- **What you need to do**
Using the records below, write out only the lines from the line containing "Заодно он рассказал" up to and including the line containing "Timeless and effortlessly", exactly, with no pictures.

[Items from a data source]
Content starts
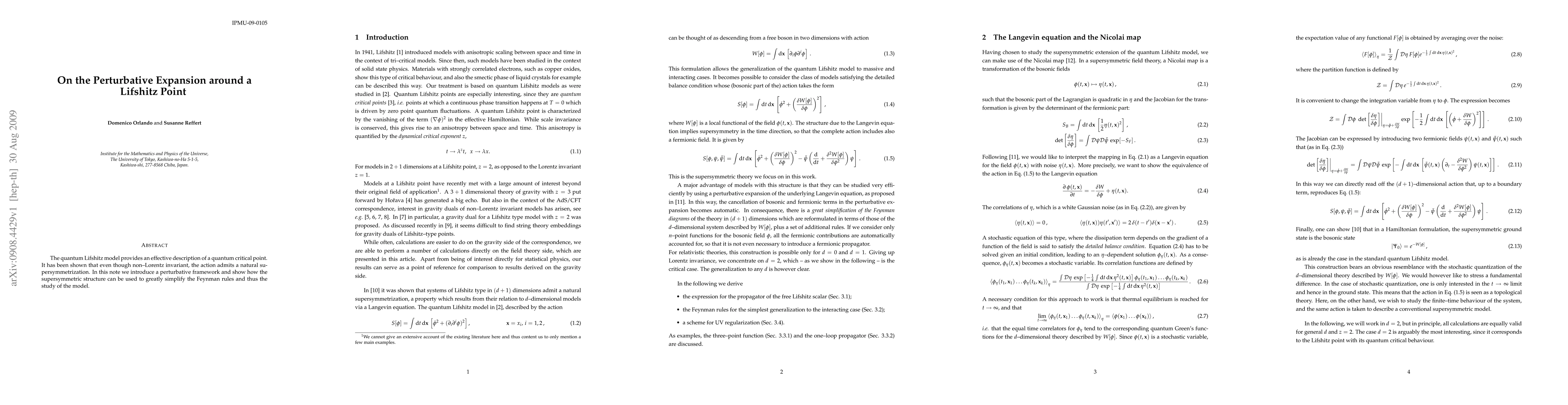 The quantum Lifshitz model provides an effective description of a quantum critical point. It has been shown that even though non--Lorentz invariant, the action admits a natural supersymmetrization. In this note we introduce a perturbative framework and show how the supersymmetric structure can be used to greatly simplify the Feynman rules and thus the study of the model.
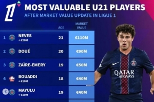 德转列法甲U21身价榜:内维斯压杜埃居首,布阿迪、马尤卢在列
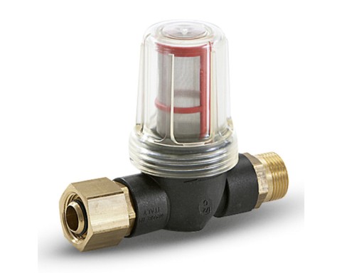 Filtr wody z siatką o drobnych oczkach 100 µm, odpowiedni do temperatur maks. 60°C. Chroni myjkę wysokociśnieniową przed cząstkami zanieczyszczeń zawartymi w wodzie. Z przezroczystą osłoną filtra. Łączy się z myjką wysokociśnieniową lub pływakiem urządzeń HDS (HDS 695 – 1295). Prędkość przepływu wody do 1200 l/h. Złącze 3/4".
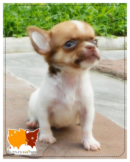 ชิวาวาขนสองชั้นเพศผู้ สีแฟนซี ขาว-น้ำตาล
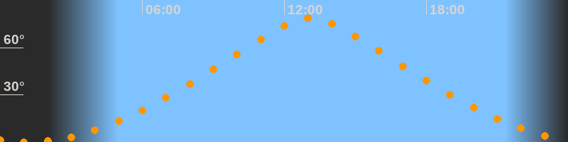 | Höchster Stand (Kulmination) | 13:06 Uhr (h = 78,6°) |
Content ends
Content starts
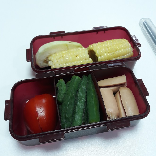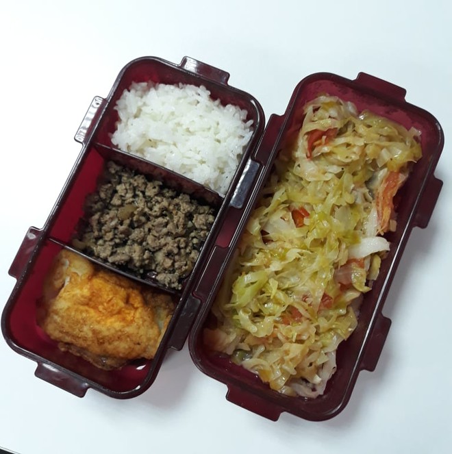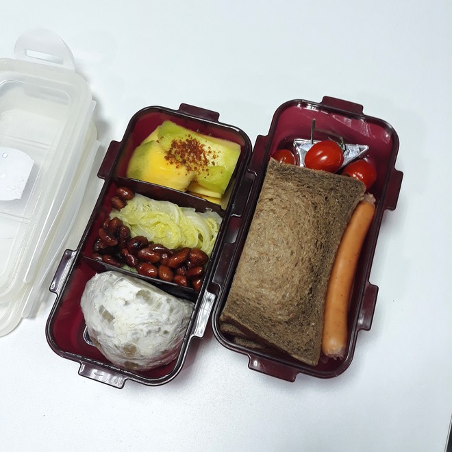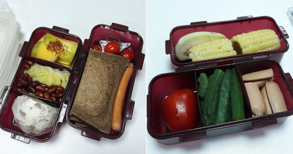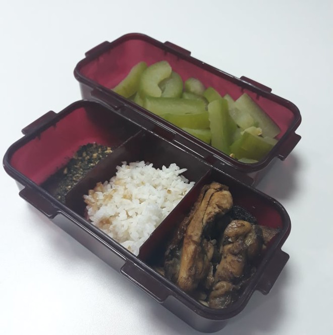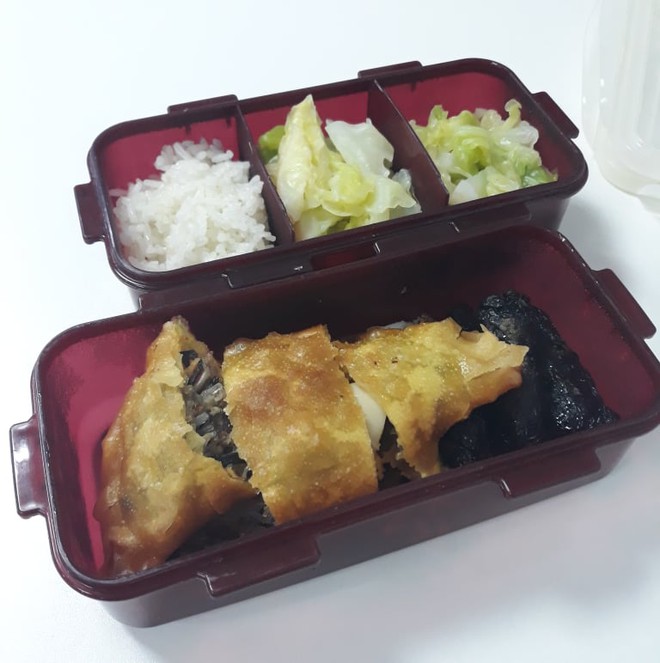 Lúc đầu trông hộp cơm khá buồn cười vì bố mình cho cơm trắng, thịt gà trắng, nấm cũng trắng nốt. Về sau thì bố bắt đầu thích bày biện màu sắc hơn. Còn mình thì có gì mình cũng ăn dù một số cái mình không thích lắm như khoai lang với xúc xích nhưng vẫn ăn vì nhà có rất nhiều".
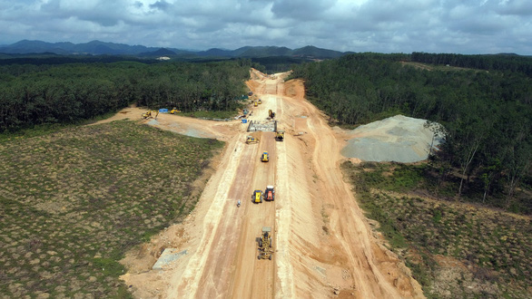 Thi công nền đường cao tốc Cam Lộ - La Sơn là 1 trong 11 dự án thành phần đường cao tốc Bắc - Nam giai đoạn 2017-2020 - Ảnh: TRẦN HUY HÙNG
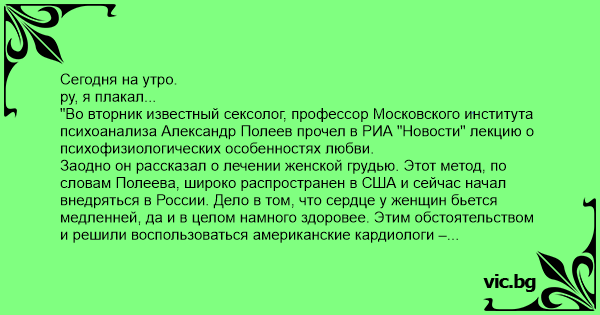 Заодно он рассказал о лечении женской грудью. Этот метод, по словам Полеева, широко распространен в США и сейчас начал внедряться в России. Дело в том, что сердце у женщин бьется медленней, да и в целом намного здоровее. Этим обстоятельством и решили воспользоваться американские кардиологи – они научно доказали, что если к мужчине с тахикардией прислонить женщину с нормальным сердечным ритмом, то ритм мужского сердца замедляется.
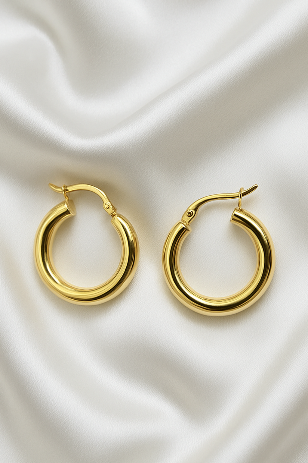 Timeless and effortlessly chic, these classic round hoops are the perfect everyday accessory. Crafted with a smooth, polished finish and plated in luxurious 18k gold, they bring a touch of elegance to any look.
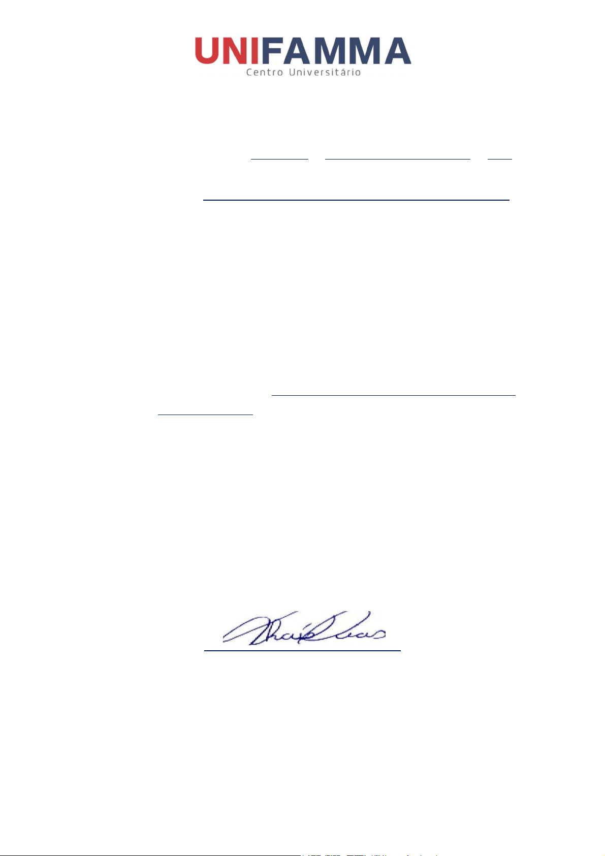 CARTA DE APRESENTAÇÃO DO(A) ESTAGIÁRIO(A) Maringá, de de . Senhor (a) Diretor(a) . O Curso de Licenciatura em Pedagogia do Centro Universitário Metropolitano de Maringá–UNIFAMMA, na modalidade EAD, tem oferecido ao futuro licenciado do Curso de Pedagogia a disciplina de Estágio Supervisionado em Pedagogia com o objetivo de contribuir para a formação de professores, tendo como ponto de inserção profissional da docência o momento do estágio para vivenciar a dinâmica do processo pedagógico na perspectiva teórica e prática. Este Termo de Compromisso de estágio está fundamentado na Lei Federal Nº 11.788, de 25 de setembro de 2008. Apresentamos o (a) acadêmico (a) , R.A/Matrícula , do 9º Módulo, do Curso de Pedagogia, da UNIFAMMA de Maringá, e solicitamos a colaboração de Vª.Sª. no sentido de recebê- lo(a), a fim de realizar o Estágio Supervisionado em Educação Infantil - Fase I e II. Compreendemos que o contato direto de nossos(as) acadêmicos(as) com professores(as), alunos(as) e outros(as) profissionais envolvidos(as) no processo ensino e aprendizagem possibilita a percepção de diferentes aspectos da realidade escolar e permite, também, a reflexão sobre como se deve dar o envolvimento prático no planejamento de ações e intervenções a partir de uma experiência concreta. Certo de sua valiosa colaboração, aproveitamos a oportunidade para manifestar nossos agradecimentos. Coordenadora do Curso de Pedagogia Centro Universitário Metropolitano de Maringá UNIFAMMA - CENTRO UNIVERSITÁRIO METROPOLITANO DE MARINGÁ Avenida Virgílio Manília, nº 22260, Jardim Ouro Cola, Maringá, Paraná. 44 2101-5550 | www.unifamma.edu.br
Content ends
- **Solution**
 Заодно он рассказал о лечении женской грудью. Этот метод, по словам Полеева, широко распространен в США и сейчас начал внедряться в России. Дело в том, что сердце у женщин бьется медленней, да и в целом намного здоровее. Этим обстоятельством и решили воспользоваться американские кардиологи – они научно доказали, что если к мужчине с тахикардией прислонить женщину с нормальным сердечным ритмом, то ритм мужского сердца замедляется.
 Timeless and effortlessly chic, these classic round hoops are the perfect everyday accessory. Crafted with a smooth, polished finish and plated in luxurious 18k gold, they bring a touch of elegance to any look.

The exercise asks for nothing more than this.